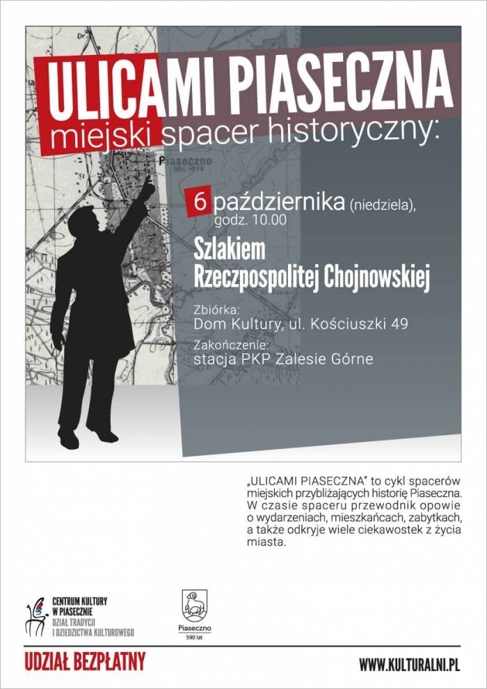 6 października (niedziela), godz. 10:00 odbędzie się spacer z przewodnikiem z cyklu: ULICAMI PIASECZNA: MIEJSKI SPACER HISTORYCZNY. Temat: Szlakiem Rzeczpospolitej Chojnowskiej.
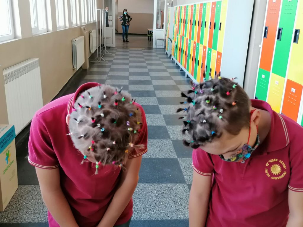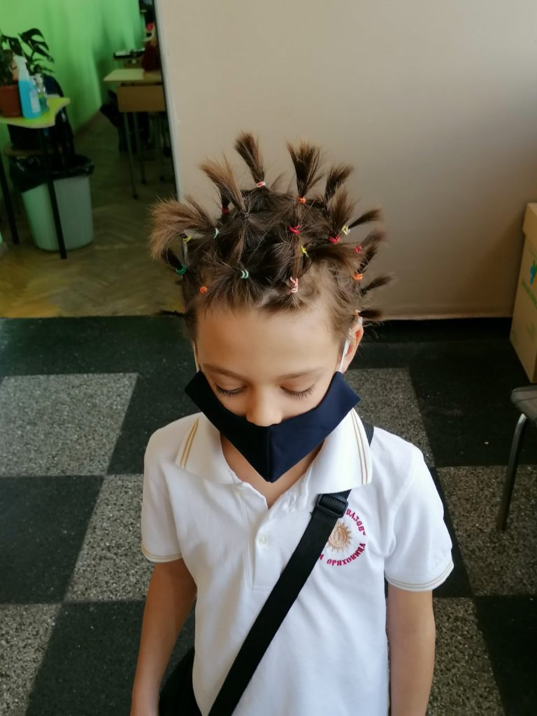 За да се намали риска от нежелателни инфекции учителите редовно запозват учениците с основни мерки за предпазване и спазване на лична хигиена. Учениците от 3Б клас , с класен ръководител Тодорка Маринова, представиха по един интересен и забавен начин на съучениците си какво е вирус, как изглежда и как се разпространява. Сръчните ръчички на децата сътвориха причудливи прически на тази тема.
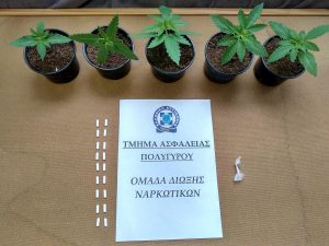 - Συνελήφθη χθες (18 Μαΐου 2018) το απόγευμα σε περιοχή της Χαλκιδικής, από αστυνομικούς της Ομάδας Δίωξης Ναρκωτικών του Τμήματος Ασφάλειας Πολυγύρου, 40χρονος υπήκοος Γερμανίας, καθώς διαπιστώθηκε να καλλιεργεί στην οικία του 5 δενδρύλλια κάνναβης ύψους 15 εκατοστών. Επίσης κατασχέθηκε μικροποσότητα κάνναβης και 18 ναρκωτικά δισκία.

--

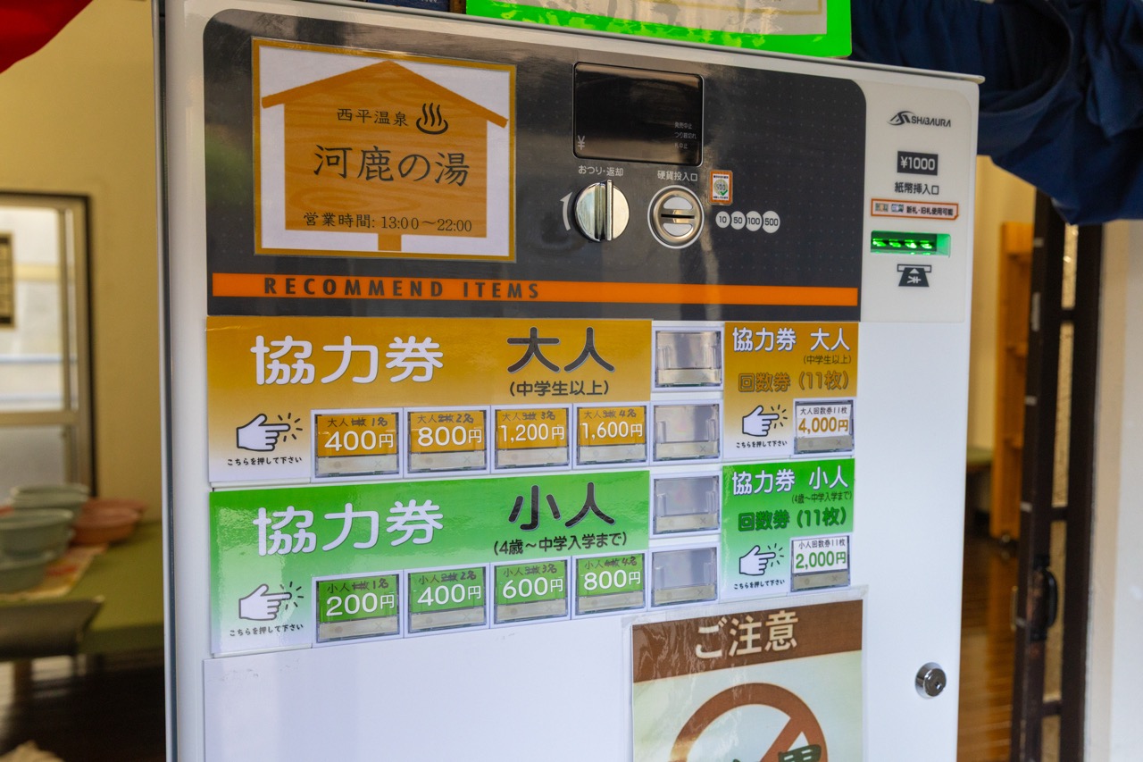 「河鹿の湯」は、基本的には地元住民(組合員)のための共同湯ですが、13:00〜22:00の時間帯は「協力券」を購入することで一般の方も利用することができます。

▸ Task item: Return the lines above from the one with "6 października (niedziela), godz." through the one with "- Συνελήφθη χθες", verbatim and nothing else. Omit every picture.

▸ Answer area:
 6 października (niedziela), godz. 10:00 odbędzie się spacer z przewodnikiem z cyklu: ULICAMI PIASECZNA: MIEJSKI SPACER HISTORYCZNY. Temat: Szlakiem Rzeczpospolitej Chojnowskiej.
 За да се намали риска от нежелателни инфекции учителите редовно запозват учениците с основни мерки за предпазване и спазване на лична хигиена. Учениците от 3Б клас , с класен ръководител Тодорка Маринова, представиха по един интересен и забавен начин на съучениците си какво е вирус, как изглежда и как се разпространява. Сръчните ръчички на децата сътвориха причудливи прически на тази тема.
 - Συνελήφθη χθες (18 Μαΐου 2018) το απόγευμα σε περιοχή της Χαλκιδικής, από αστυνομικούς της Ομάδας Δίωξης Ναρκωτικών του Τμήματος Ασφάλειας Πολυγύρου, 40χρονος υπήκοος Γερμανίας, καθώς διαπιστώθηκε να καλλιεργεί στην οικία του 5 δενδρύλλια κάνναβης ύψους 15 εκατοστών. Επίσης κατασχέθηκε μικροποσότητα κάνναβης και 18 ναρκωτικά δισκία.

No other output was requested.